Problem statement – Only the lines from the one containing "Crafted from high-quality" through the last line of the material should be copied, exactly as written and without pictures.

——————————

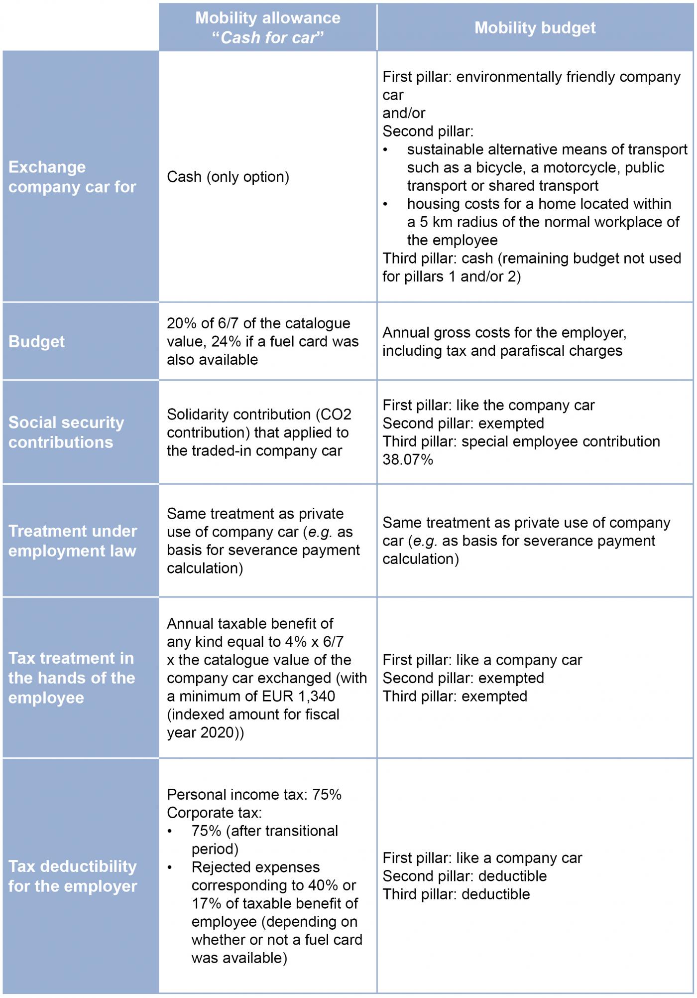 The mobility budget was introduced with effect from 1 March 2019. It allows an employee, under certain conditions, to exchange his company car for a budget that he can spend on various mobility solutions, with payment in cash of the remaining budget. The mobility allowance or "cash for car" scheme introduced in 2018 (see Eubelius Spotlights June 2018) will also continue to apply. Here we present an overview table showing the main differences between these two alternatives to the traditional company car.
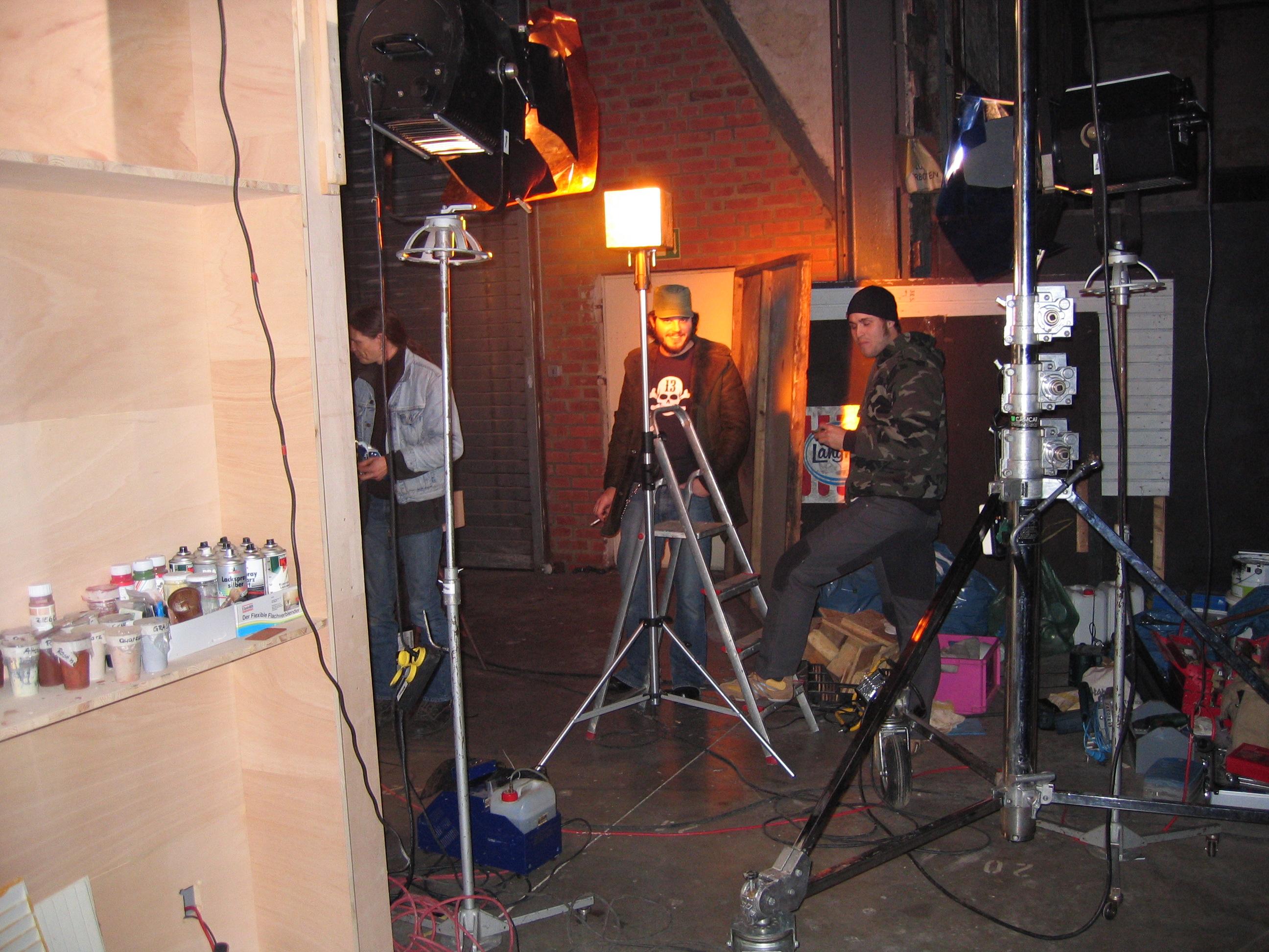 We rehearse carefully. The shot has to be timed exactly. Mark is a the dimmers for two 2K Arri´s while Dennis operates the air blast and a wind machine at the same time. We plan to start with the wind, then the lights get brighter and brighter, the the wind increases and then the blast goes off, hitting the window with it´s frame full of Dennis´dust. I want this to be seen from 4 different camera angles. Jens Fischer, the 1st AC, mounts the camera on top of the set, looking down on Steve for the first camera position. Then it´s time to shoot. 1,2,3 BANG ! Steve goes flying, into a mat we prepared for him off frame. We all gather around the HD field monitor and playback the shot. It looks fantastic, especially in slow motion.
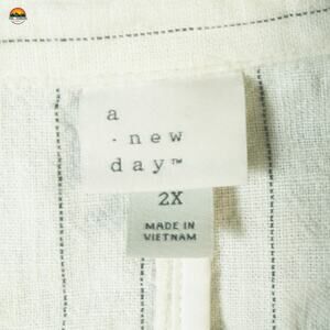 A New Day Linen Suit Jacket Blazer Cream Pinstripe Long Sleeve Lagen Women's 2XL
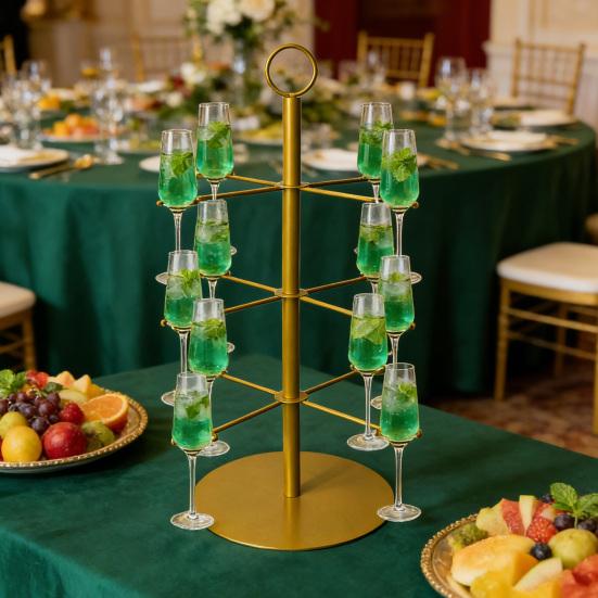 Crafted from high-quality steel, this sturdy and durable holder resists bending, deformation, and fading, ensuring long-lasting use without odor. Its sleek finish and stable tree-shaped design stand 22 inches tall with a 10-inch diameter, featuring three layers that hold 12 glasses securely—perfect for weddings, corporate events, holiday parties, or everyday entertaining.
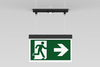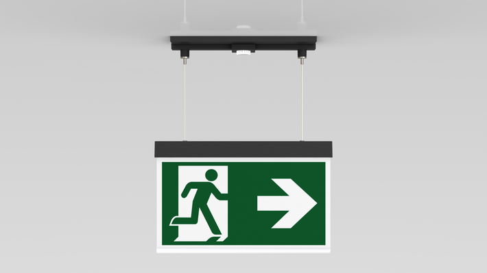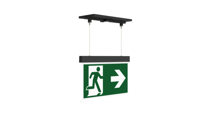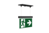 Luminaire moderne à pictogramme de secours/de sécurité en zinc moulé sous pression avec suspension par câble pour montage encastré au plafond. La signalisation des issues de secours et des voies d’évacuation s’effectue au choix sur une face ou sur les deux faces. La technologie Duo assure, à l’aide d’une LED supplémentaire, la signalisation lumineuse des voies d’évacuation et des issues de secours en cas de panne de courant.

——————————

Task result –
 Crafted from high-quality steel, this sturdy and durable holder resists bending, deformation, and fading, ensuring long-lasting use without odor. Its sleek finish and stable tree-shaped design stand 22 inches tall with a 10-inch diameter, featuring three layers that hold 12 glasses securely—perfect for weddings, corporate events, holiday parties, or everyday entertaining.
 Luminaire moderne à pictogramme de secours/de sécurité en zinc moulé sous pression avec suspension par câble pour montage encastré au plafond. La signalisation des issues de secours et des voies d’évacuation s’effectue au choix sur une face ou sur les deux faces. La technologie Duo assure, à l’aide d’une LED supplémentaire, la signalisation lumineuse des voies d’évacuation et des issues de secours en cas de panne de courant.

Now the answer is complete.